Monday, June 27, 2016

Monday Morning, Finding Traction. . .

Not gonna lie. That Friday post was an effort of will, written despite a low mood and lack of energy, written because I wanted to wave at you before the weekend. I suppose I was naïve in not having anticipated some negativity, but by Saturday morning, I was seriously contemplating whether I want to continue blogging at all. Over-reaction, I know, and as the weekend progressed, this community once again demonstrated its thoughtfulness, kindness, and wisdom, although I did make the uncomfortable decision to delete one post. I did my best to answer each comment respectfully, but I have to tell you that the work that goes into these responses can be as tough and as time-consuming as what it takes to write a new post.

Meanwhile, the post that I've been trying to write for a week is STILL not completed, and I suspect your interest in my Ottawa/Montreal meet-ups must be waning.

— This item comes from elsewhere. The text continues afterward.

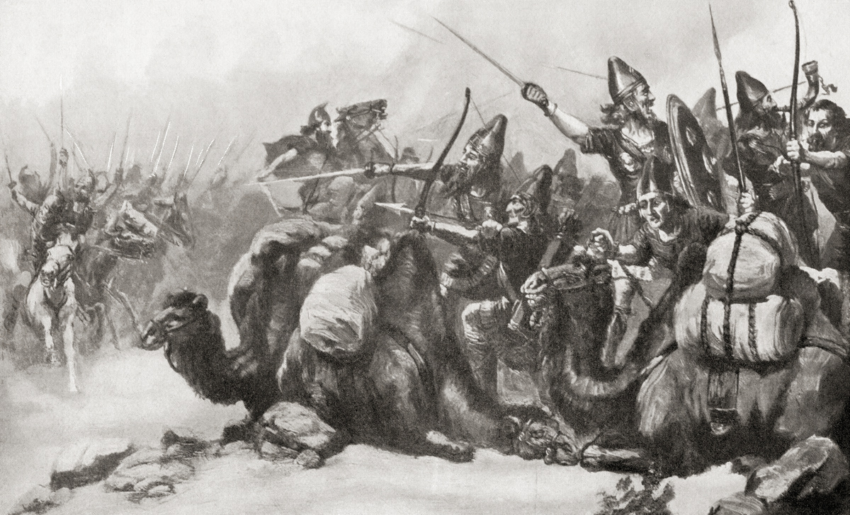 2. 처음의 보병과 기병의 공격은 진행되었지만, 대형 안에 있는 타워와 페르시아 궁병들의 끊임없이 쏟아지는 화살로 인해 수렁에 빠졌다.

I'm trying to balance my commitment to promises I've made here with my own need for writing freedom.  And the post-moving fatigue is giving way to the exhaustion that results from doing too much (fun stuff!) in our new environment. . .

Plus, if you'll permit one more whine, all of this is happening right when I've got more new visitors streaming through (coming to see what I wore, sent by Sue ), and I wish I were better dressed, being more amusing, offering more scintillating perspectives, in order to convince them to join our conversation. . .

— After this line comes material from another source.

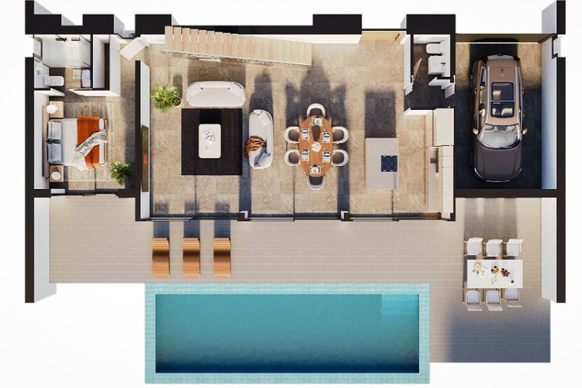 ComodidadesUn hogar que combina estilo y confort con doble altura en el salón, cocina equipada y baños amueblados. Disfruta de tu jardín y piscina privada. Con garaje y climatización eficiente todo el año.

Because I know I'll get back on track very soon. Might even figure out a way to take decent What I Wore photos again, in this new space. . .  Might sort out how to channel some of my Instagram energy over this way (because that platform seems to suit my current moods better for the moment). .

Until I get my blogging energies and rhythms sorted, though, you might like to know that in my life off the screen, we're adjusting quite happily to an urban lifestyle. This weekend, besides the two separate overnight baby-sitting gigs, I also managed to

1. See Finding Dory with a seven-year-old (and Pater). Highly recommended, especially the seven-year-old part.

2.
Go to an Urban Sketchers' meet-up with a new friend.Our subject was a Vancouver Biennale sculpture, Trans Am Totem by Marcus Bowcott -- pictured above.  I was pleased enough with my rendition, but I was especially pleased that I pushed aside my nervousness about joining others in an "artistic" activity. Pleased I ignored the self-censorship, and just tried to look and draw, look and draw, look and draw, line after line, methodically. .  . in the sunshine, with like-minded, supportive people nearby. Pleased to be immersed in the process for an hour. So great! (And if you want to see how my sketch turned out, check out my Instagram button, top right column.)

3. Pedal with Pater on my first urban cycle of the year, first of what I know will be many (we're biking again today).

And the fun continues -- we've got tickets for a concert tonight, part of a great lineup of Vancouver Jazz Festival performances. . . a friend's coming to town this week, and there are lunch plans. . . and I think Pater and I might make some forays into some furniture and design stores, just daydreaming about how to feather our new nest. . . .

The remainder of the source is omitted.